Re: UTF-8 regression in guile 1.9.5
Hello, Andy Wingo writes: > On Tue 12 Jan 2010 12:25, l...@gnu.org (Ludovic Courtès) writes: > >> Andy Wingo writes: >> >>> perhaps we should setlocale in the `guile' binary (but not by default >>> when used by a library). >> >> We could, but it would break programs that have been assuming the ‘C’ >> locale, e.g., when parsing of printing data, etc... > > But surely it is the Right Thing; Perhaps, I don’t know. Apparently Perl does that, for instance. What do others do? Is there no real reason for POSIX to be this way, other than backward compatibility? > is there no way to make a transition to having it there by default? Not that I can think of. Thanks, Ludo’.
Re: UTF-8 regression in guile 1.9.5
Hi, On Tue 12 Jan 2010 12:25, l...@gnu.org (Ludovic Courtès) writes: > Andy Wingo writes: > >> perhaps we should setlocale in the `guile' binary (but not by default >> when used by a library). > > We could, but it would break programs that have been assuming the ‘C’ > locale, e.g., when parsing of printing data, etc... But surely it is the Right Thing; is there no way to make a transition to having it there by default? A -- http://wingolog.org/
Re: UTF-8 regression in guile 1.9.5
Hello, Andy Wingo writes: > On Mon 11 Jan 2010 14:38, l...@gnu.org (Ludovic Courtès) writes: > >> Mike Gran writes: >> >>> But as far as the greater question of the side effects of setting locale >>> early on startup... The parsing of any source code files after locale >>> is set will be done in that context. I don't think it would do anything >>> unexpected. The reader and the port routines tend to do their own parsing, >>> and don't tend to rely on libc locale-specific routines. Even so, it >>> would take some auditing to prove that there would be no effect. >> >> Source files should have the right ‘coding:’ meta anyway. I just >> changed the compiler to install the current user locale [0], as that’s >> typically what a standalone program does. > > If we're taking this tack, perhaps we should setlocale in the `guile' > binary (but not by default when used by a library). We could, but it would break programs that have been assuming the ‘C’ locale, e.g., when parsing of printing data, etc... Thanks, Ludo’.
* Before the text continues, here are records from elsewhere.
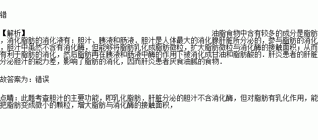 因为胆汁中含有蛋白酶,所以肝炎患者不适宜多吃油脂类食物。(_______)
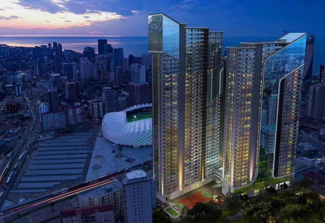 El piso está situado en la planta 34. El barrio de Alley of Heroes es uno de los más prestigiosos y bien equipados de Batumi, donde los mejores restaurantes, boutiques, el paseo marítimo y toda la infraestructura necesaria se encuentran a poca distancia.
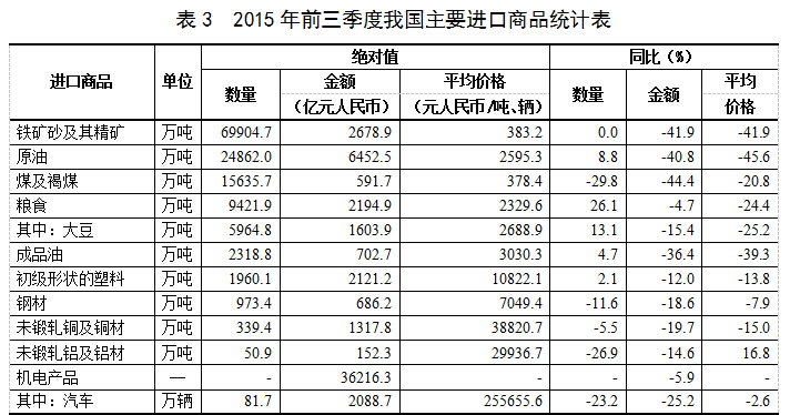 六、原油、糧食、成品油等主要大宗商品進(jìn)口量增加,煤、鋼材進(jìn)口量減少,主要進(jìn)口商品價格普遍下跌。前三季度,我國進(jìn)口鐵礦砂6.99億噸,與去年同期基本持平,進(jìn)口均價為每噸383.2元,下跌41.9%;原油2.49億噸,增加8.8%,進(jìn)口均價為每噸2595.3元,下跌45.6%;煤1.56億噸,減少29.8%,進(jìn)口均價為每噸378.4元,下跌20.8%;成品油2318.8萬噸,增加4.7%,進(jìn)口均價為每噸3030.3元,下跌39.3%;初級形狀的塑料1960.1萬噸,增加2.1%,進(jìn)口均價為每噸1.08萬元,下跌13.8%;鋼材973.4萬噸,減少11.6%,進(jìn)口均價為每噸7049.4元,下跌7.9%;未鍛軋銅及銅材339.4萬噸,減少5.5%,進(jìn)口均價為每噸3.88萬元,下跌15%。
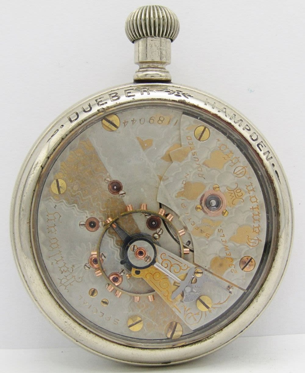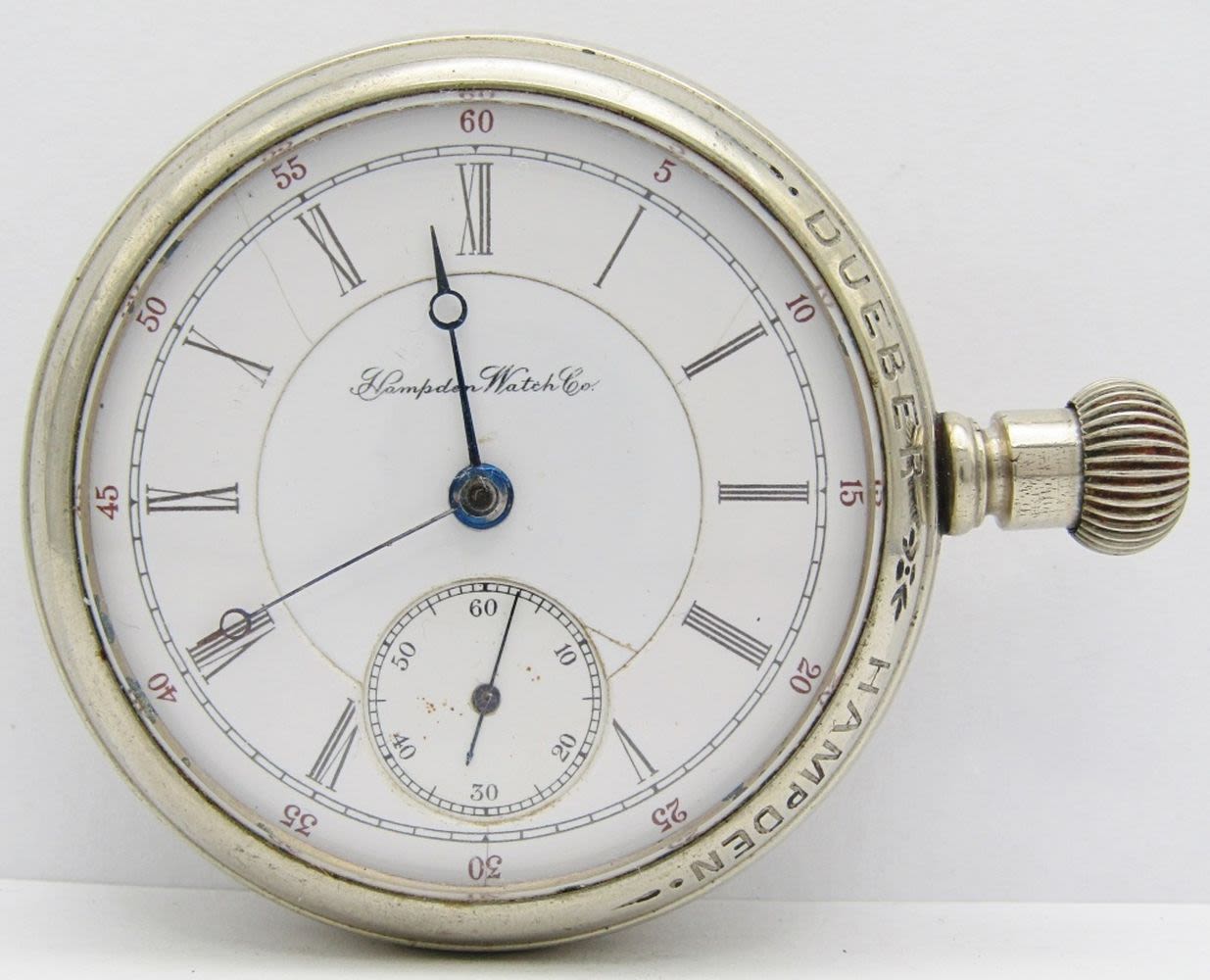 Hunting Case Movement; Double Sunk Porcelain Dial; Hampden Marked Nickel Display Shipping Case
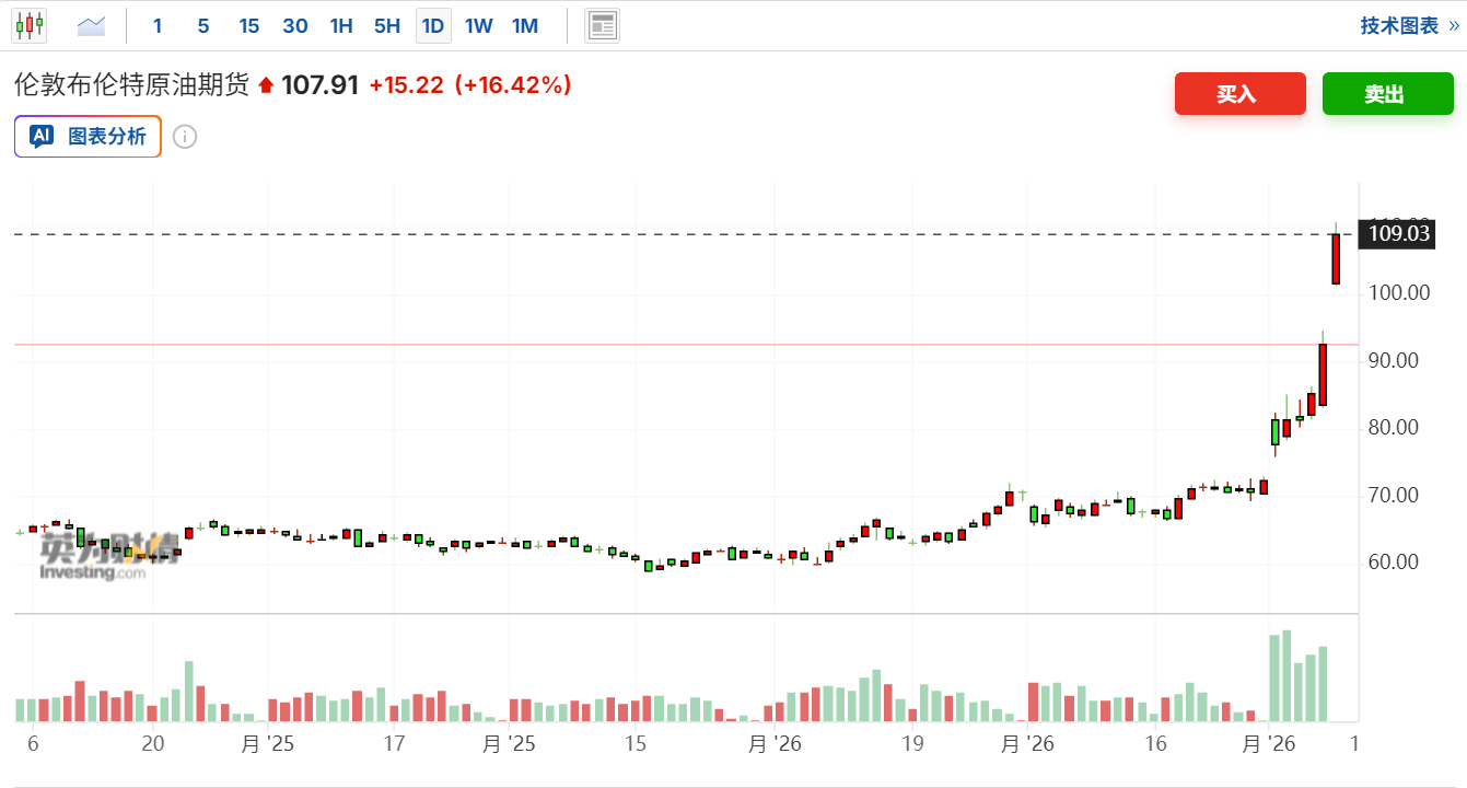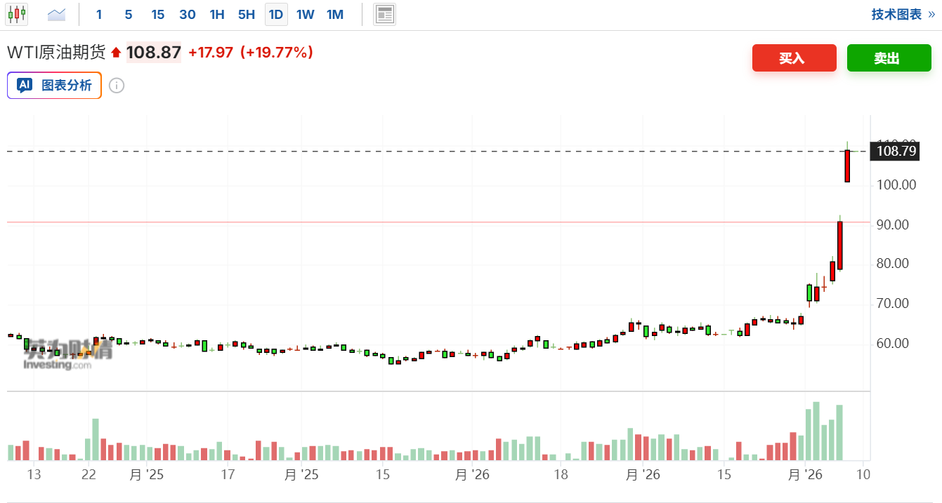 受冲突升级影响,中东地区石油运输持续受阻,伊拉克、卡塔尔等主要产油国此前已宣布减产,国际油价涨幅持续扩大。WTI原油期货向上触及110美元/桶,最新报111.0美元/桶,日内上涨22.11%。布伦特原油期货向上触及110美元/桶,最新报110.263美元/桶,日内上涨18.96%。(财联社)
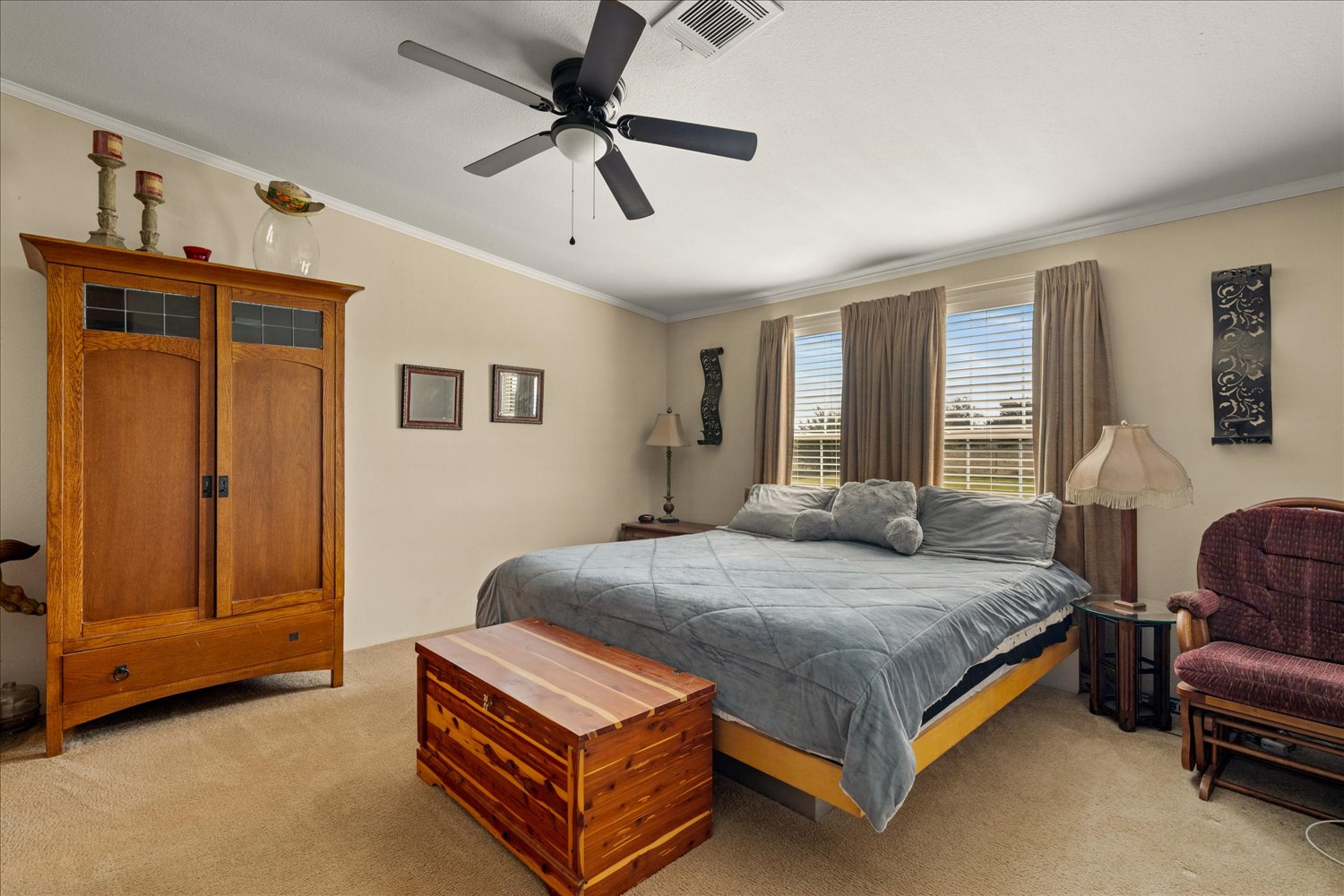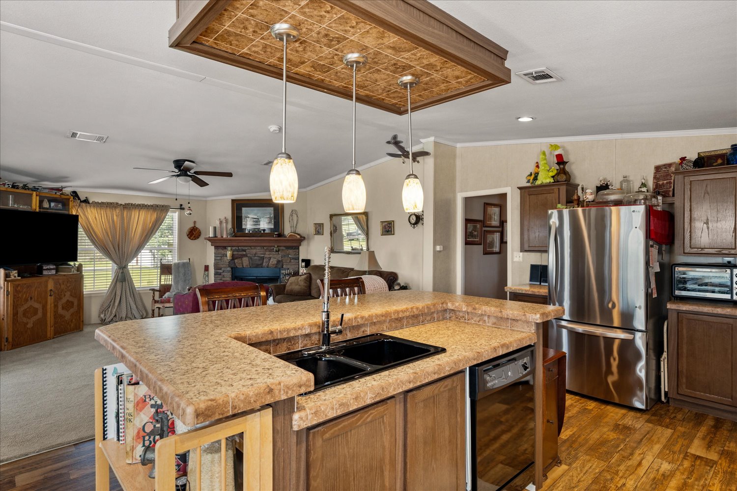 Beautifully maintained and home shows pride of ownership. This inviting home is ideally situated on a desirable corner lot in a quiet cul-de-sac and offers comfort, style, and thoughtful updates throughout. Inside, youll find dual pane vinyl windows, beautiful new ceiling fans, and a cozy fireplace that creates a warm and welcoming living space.

Re: UTF-8 regression in guile 1.9.5
On Mon 11 Jan 2010 14:38, l...@gnu.org (Ludovic Courtès) writes: > Mike Gran writes: > >> But as far as the greater question of the side effects of setting locale >> early on startup... The parsing of any source code files after locale >> is set will be done in that context. I don't think it would do anything >> unexpected. The reader and the port routines tend to do their own parsing, >> and don't tend to rely on libc locale-specific routines. Even so, it >> would take some auditing to prove that there would be no effect. > > Source files should have the right ‘coding:’ meta anyway. I just > changed the compiler to install the current user locale [0], as that’s > typically what a standalone program does. If we're taking this tack, perhaps we should setlocale in the `guile' binary (but not by default when used by a library). Andy -- http://wingolog.org/
Re: UTF-8 regression in guile 1.9.5
Hi, Mike Gran writes: > But as far as the greater question of the side effects of setting locale > early on startup... The parsing of any source code files after locale > is set will be done in that context. I don't think it would do anything > unexpected. The reader and the port routines tend to do their own parsing, > and don't tend to rely on libc locale-specific routines. Even so, it > would take some auditing to prove that there would be no effect. Source files should have the right ‘coding:’ meta anyway. I just changed the compiler to install the current user locale [0], as that’s typically what a standalone program does. It makes it necessary for source files to have the right ‘coding:’ since otherwise they could get read with the current user’s locale encoding, which could be anything [1]. [0] http://git.savannah.gnu.org/cgit/guile.git/commit/?id=e6251e7bd98fbc64e9dbf489c8afaf426af46919 [1] http://git.savannah.gnu.org/cgit/guile.git/commit/?id=bce5cb56413da437c29628c529cec47649d12eb9 > If you were to set the locale in Guile, [...] I currently think we shouldn’t do it since (1) Guile can be embedded and it’s the application’s responsibility to set the locale, and (2) it would be a departure from previous versions of Guile and from POSIX behavior. Thanks, Ludo’.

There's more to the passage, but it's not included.